Paolo Vendramini, sindaco di Ponte nelle Alpi, ricorda che sulla questione dello stato delle stazioni ferroviarie locali il braccio di ferro con Rfi (la società che gestisce le infrastrutture ferroviarie) è costante da diversi anni e ha coinvolto anche i sindaci che lo hanno preceduto.

«È una questione annosa, per la quale le istituzioni possono fare poco, ma per la quale abbiamo inoltrato diverse note alla società denunciando il problema perché se ne faccia carico visto che si parla di un patrimonio che Rfi ha in gestione. Quella stazione è frequentata, ci sono anche degli abitanti in quella zona e il decoro della struttura dovrebbe quindi essere garantito».

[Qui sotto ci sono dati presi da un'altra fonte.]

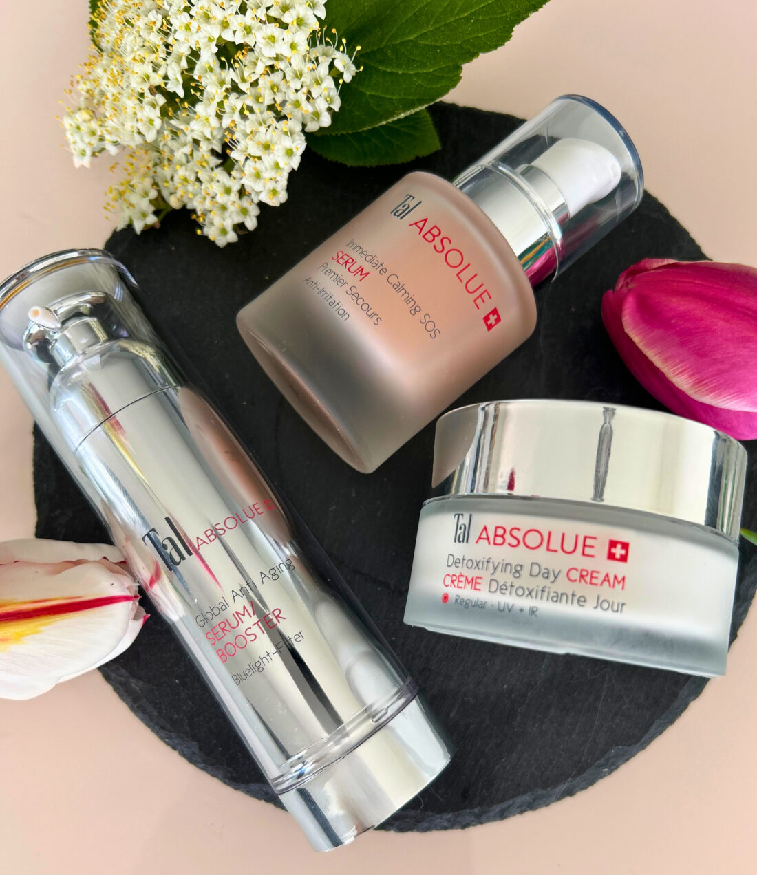 Eine Skincare-Linie, die Anti-Pollution, Anti-Aging und Digital Detox vereint? Klar wurde ich da hellhörig. Denn wer mich kennt, weiss: Ich liebe Effizienz. Sei es im Alltag, bei der Arbeit oder eben in der Gesichtspflege. Und da kommt Tal ABSOLUE ins Spiel. Die Pflegelinie schützt die Haut vor schädlichen Einflüssen wie Luftverschmutzung, Blaulicht und UV-Strahlen. Alles Dinge, denen viele von uns täglich ausgesetzt sind. Ich zum Beispiel verbringe sehr viel Zeit vor dem Bildschirm. Sitze am Computer, vor dem Tablet oder starre auf mein iPhone. Ausserdem bin ich oft in der Stadt unterwegs (Abgase ahoi), liebe die Sonne, trinke gerne mal ein Glas Prosecco und gönne mir eine Tüte Chips. Wenn dann noch Schlafmangel und Stress dazukommen, kann die Haut zickig reagieren. Wissenschaftler:innen gaben diesem Phänomen einen Namen: Skin Burnout. Wenn der Haut alles zu viel wird, reagiert sie mit Rötungen, trockenen Stellen, Unreinheiten und vorzeitiger Hautalterung. Aber keine Sorge, mit Tal ABSOLUE kann man gegensteuern. Natürliche Extrakte aus den Alpen schützen die Haut in Kombination mit High-Tech-Wirkstoffen, damit sie sich wieder von ihrer schönsten Seite zeigen kann.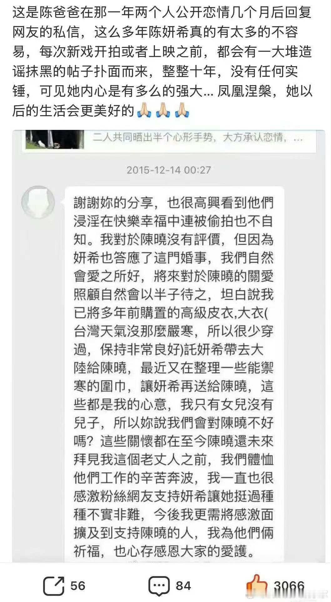 陈晓当时都没去拜见岳父岳母,但因为女儿喜欢,所以他们愿意支持未来女婿。人家父母就是传.统了点,觉得自己用不上的东西送别人,是关系亲近的意思,有的人非得过分解.读。可是陈妍希父亲去世,陈晓未发文悼念,也未在陈妍希身边默默陪伴。以陈晓的咖.位,这么大的事情,难道剧组会不放人?就是离婚了,男方也应该出现祭.拜一下啊,毕竟当了10年的亲人,让人感觉很冷.血,无情……为啥一直都爱骂女方?陈晓甚至在公开场合采访直接当众黑脸,表现冷漠,全程眼睛没有注视过陈妍希,如此不体面!心疼陈妍希把自己的青春交了给一个不值得托付的男人!事实证明,爱与不爱真的很明显。陈妍希爸爸将陈晓以半子待之热点观点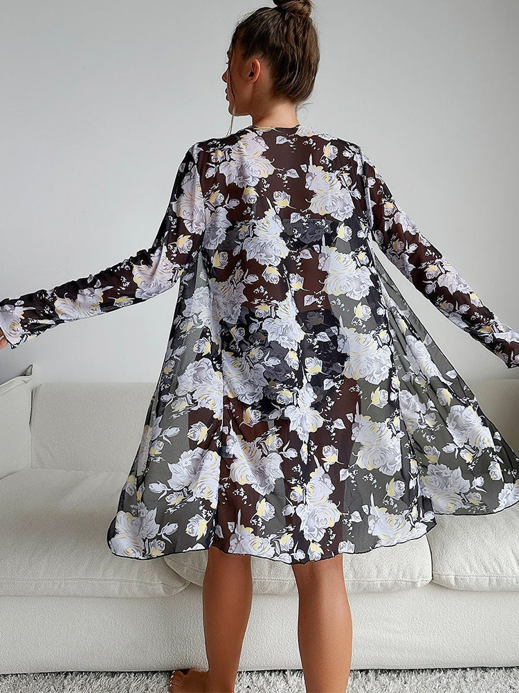 Step into confidence with the Florien - Bloom Bikini Set, a stunning mix of floral artistry and feminine allure. Designed with a flattering high-waist bottom, a tie-front bikini top, and a matching sheer cover-up, this set brings effortless sophistication to your beach or poolside look.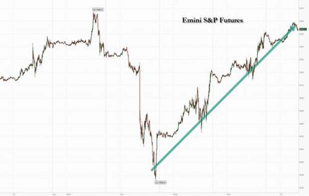 2% - amid bigger gains in European stocks ...... and were on pace to dodge a weekly red candle in the process setting up a record 15th weekly gain of the past 16, as the market no longer drop. Ever. Meanwhile, the euphoria was even more ridiculous over in tech world where Nasdaq futures accelerated their silly meltup, rising 0.5%, propelled by Applied Materials rising ~13% in premarket trading while the current generation's Gamestop, Supermicro, was up another 6% premarket, sending its RSI to a record 98.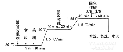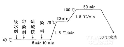 (2)錦綸的玻璃化溫度低(47~50℃),中性染料對錦綸的親和力高,因而中性染料對錦綸上色快,勻染性差。為此,要采取一定的工藝措施:升溫速率宜慢,一般以1. 5℃/min為好;升溫中途(70℃)要保溫染色一段時間,從而有效地改善錦綸的勻染效果。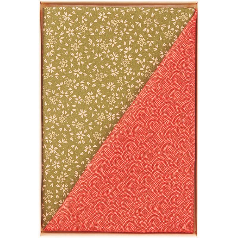 ギフト好適品 二巾一越織両面柄ふろしき 朱/利休 サメ小紋/小桜 90-8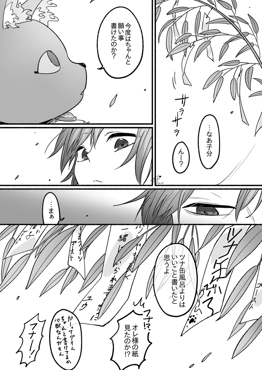 10日遅れの七夕withオンボロ寮グリ監👻🐱 短冊は高いところに付けた方がいいと聞き笹の先端に付けようとするグリ そして絶妙に届かせないゴースト そして程よく腰を屈めて届かせない監督生 #twstプラス

Anche il comitato frazionale di Lizzona-La Secca si era coinvolto alcuni anni nella redazione di un protocollo che poneva la questione a Rfi invitandola a non trascurare la stazione.

Per il sindaco di Ponte nelle Alpi la stazione per l’Alpago merita quindi «una definizione diversa dall’attuale e sia noi che i cittadini attendiamo da Rfi una risposta in merito».

«Forse», aggiunge il sindaco Paolo Vendramini, «il nuovo percorso che riguarda il centro commerciale di Paludi potrebbe favorire delle sinergie anche in questo senso».